Ainsley memakaikan AirPods ke telinganya, dan mendengarkan lagu dari sana, yang sudah ia hubungkan dengan ponselnya. Ainsley memejamkan matanya.

"Ya Allah, apapun yang terjadi di sekolah nanti, Ainsley serahkan semuanya kepada-Mu Ya Allah. Ainsley yakin sesuatu yang baik, sedang menanti Ainsley," batin Ainsley dengan tersenyum tipis.

Tiba-tiba Azi mengusap lembut rambut Ainsley, membuat Ainsley membuka matanya. Dan langsung menoleh ke Azi.

Azi hanya diam sambil terus mengelus rambut panjang Ainsley yang tidak diikat, dengan tatapan lurus ke depan tanpa ekspresi apapun. "Tidak usah berpikiran buruk," bisik Azi dengan suaranya beratnya yang hanya bisa di dengar oleh Ainsley.

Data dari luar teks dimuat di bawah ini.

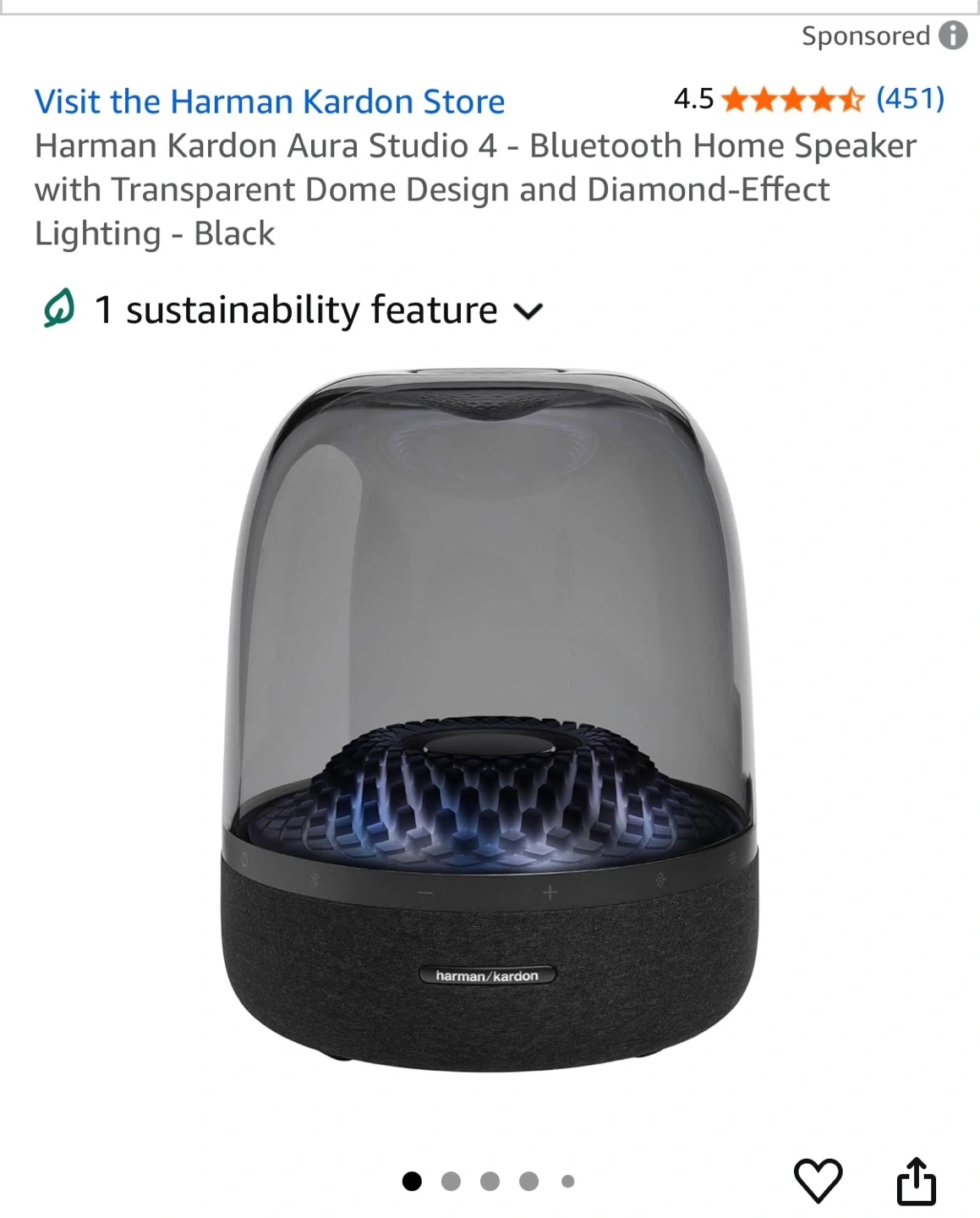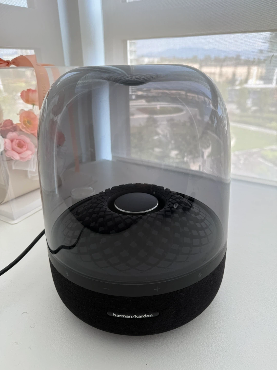 Selling a Harman Kardon Aura Studio 4 Bluetooth Home Speaker in black! This speaker features a transparent dome design with diamond-effect lighting. It comes with the power cable and original documents. Enjoy the amazing sound quality and stylish look!

Azi tahu bahwa Ainsley pasti memikirkan yang tidak-tidak tentang hari pertama dia bersekolah di SMA Aerglo. Apapun yang terjadi, Azi akan melindungi Ainsley, karena itu adalah tugasnya sebagai seorang bodyguard.

Ainsley tersenyum, lalu kembali menikmati lantunan lagu yang terdengar dari AirPodsnya, dengan tatapan yang lurus ke depan.

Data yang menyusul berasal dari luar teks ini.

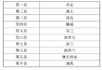 表9-3 幸福指数排在前十名的国家
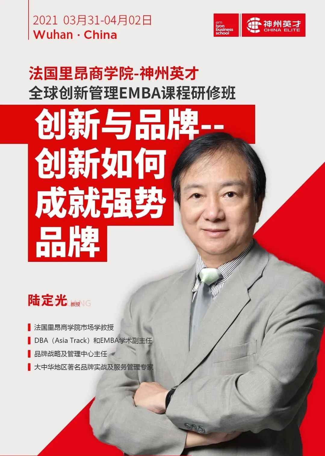 4月1日-2日為期兩天的課程,將由法國里昂商學(xué)院市場學(xué)教授,DBA(Asia Track)和EMBA學(xué)術(shù)副主任,品牌戰(zhàn)略及管理中心主任,大中華地區(qū)著名品牌實(shí)戰(zhàn)及服務(wù)管理專家陸定光教授主講,《創(chuàng)新與品牌—?jiǎng)?chuàng)新如何成就強(qiáng)勢品牌》。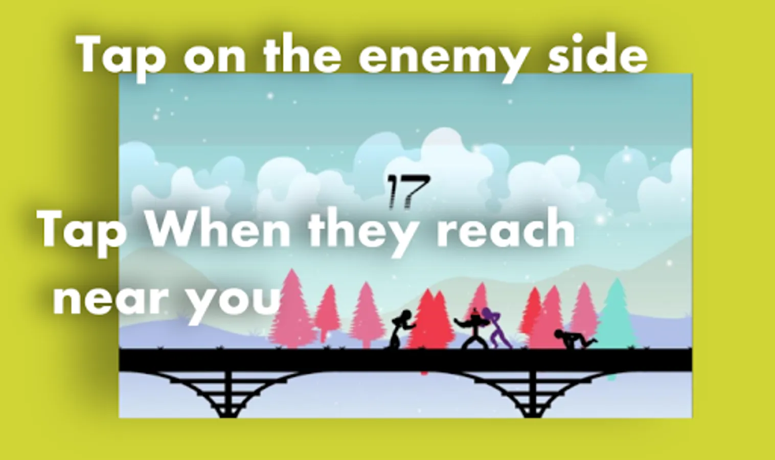 Controls: Wait for certain range then Tap on the sides(left or right) to defeat the enemies on that side. Tap fast for more Realistic Action.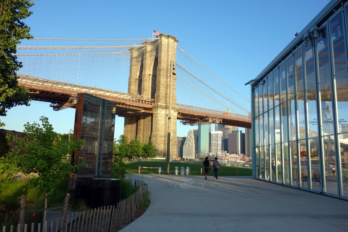 Если пройти вдоль всего променада, и ещё немного по городу, можно спуститься прямо к воде на Fulton Landing. Слева от вас будет новый парк, а справа - Бруклинский мост. Виды с набережной прекрасные.

Lima menit kemudian, usapan itu berhenti, dengan Azi yang meletakkan tangannya di atas paha. Hal itu membuat Ainsley merasa sedikit kehilangan, namun ia berusaha untuk terlihat biasa saja. Ia menatap sekilas Azi yang arah pandangannya ke jendela.

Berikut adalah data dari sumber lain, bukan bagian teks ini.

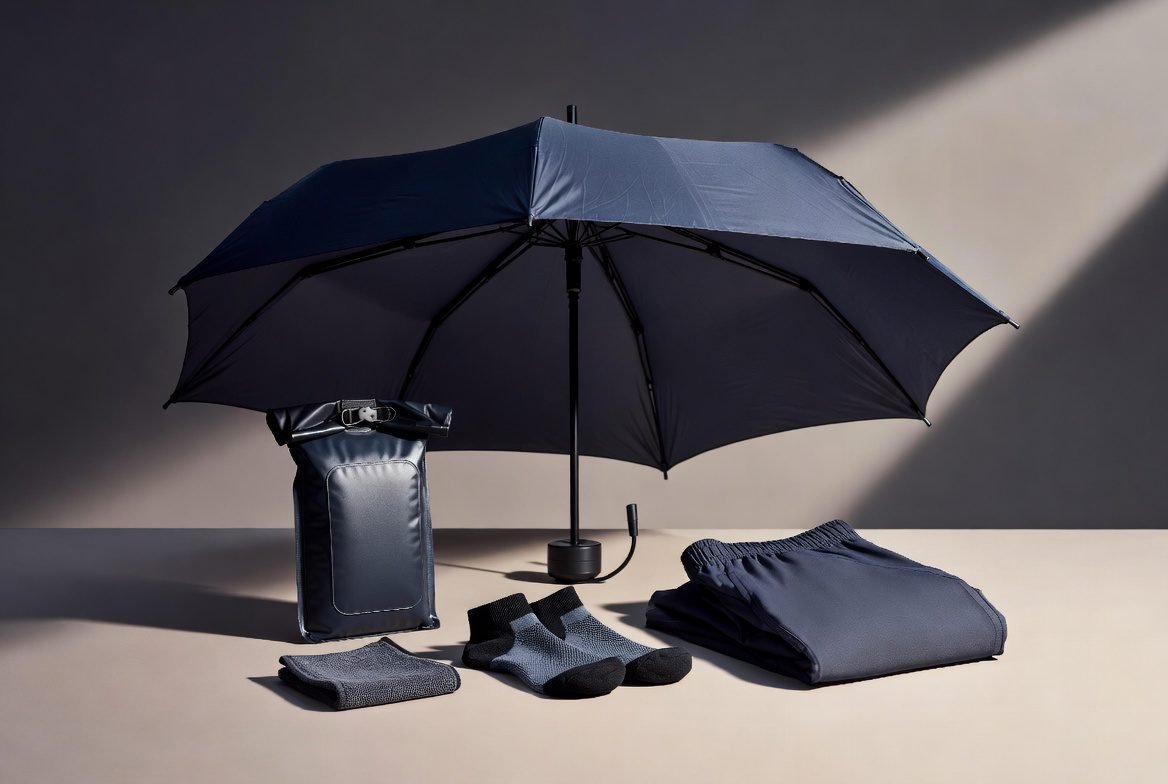 We’re putting together what we call the Monsoon Survival Kit. A small list of essentials: a compact umbrella, a waterproof pouch for your phone and wallet, a change of socks, a quick-dry towel, and one outfit backup at your workplace.

Pria itu hanya diam, walaupun ia tahu bahwa Ainsley memandangnya.

Ainsley kembali duduk dengan bersandar, lalu kembali memejamkan matanya. 

"Nona Ainsley. Kita sudah sampai di sekolahnya Nona," panggil Ainur dengan menepuk pelan bahu Ainsley.

Ainsley yang hanya memejamkan matanya, langsung membukanya. Dan melihat sekitar, sebelum dia digendong ala bridal style oleh Azi dan didudukkan ke kursi rodanya yang diambil Nabil dari bagasi. "Terima kasih banyak karena sudah membantu Ainsley," ujar Ainsley dengan menatap semua orang.

"Iya Nona Ainsley. Nona tidak perlu berterima kasih, karena itu sudah menjadi tugas kami," sahut Nabil dengan tersenyum tipis.

Ainsley meletakkan tas sekolahnya di atas pahanya. Perlahan kursi rodanya berjalan, yang didorong oleh Ainur. Ketiga bodyguardnya, berdiri di sisi kanan, kiri, dan juga di belakangnya.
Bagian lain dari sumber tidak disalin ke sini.